Data shown: Begin

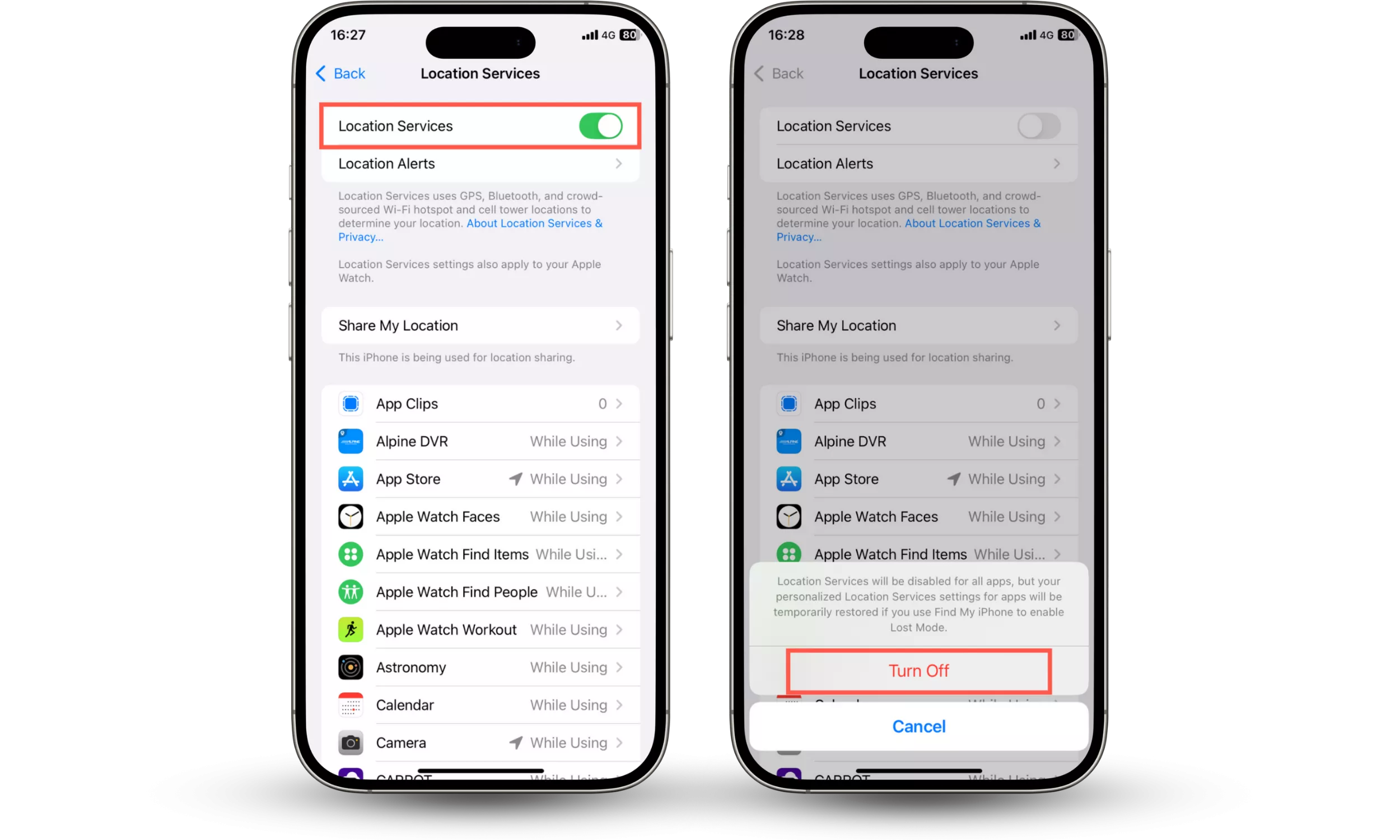 2. 关闭设备上的定位服务
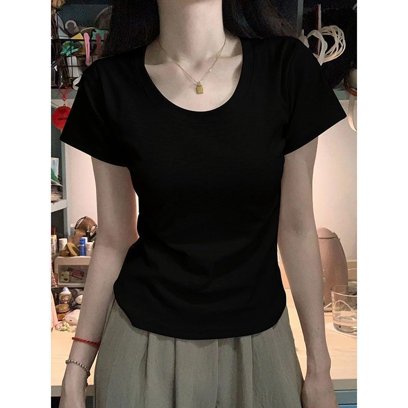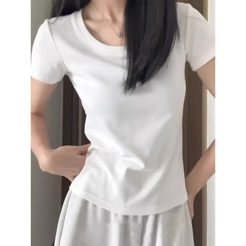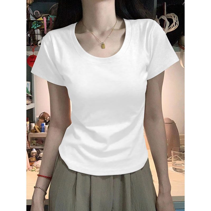 퓨어 코튼 화이트 U 칼라 어깨 반팔 여름 슬림 핏 티셔츠 간단한 올 매치 기본 캐주얼 솔리드 컬러 니치 탑스토어 가기
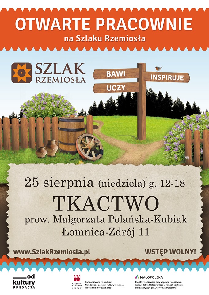 Projekt realizowany jest przy wsparciu Województwa Małopolskiego w ramach konkursu ofert z turystyki pn. "Małopolska Gościnna" oraz dofinansowany ze środków Narodowego Centrum Kultury w ramach Programu EtnoPolska 2019.

Data shown: End

## Work to complete
The whole listing, minus its images, should be repeated exactly.

## Solution to this task
 2. 关闭设备上的定位服务
 퓨어 코튼 화이트 U 칼라 어깨 반팔 여름 슬림 핏 티셔츠 간단한 올 매치 기본 캐주얼 솔리드 컬러 니치 탑스토어 가기
 Projekt realizowany jest przy wsparciu Województwa Małopolskiego w ramach konkursu ofert z turystyki pn. "Małopolska Gościnna" oraz dofinansowany ze środków Narodowego Centrum Kultury w ramach Programu EtnoPolska 2019.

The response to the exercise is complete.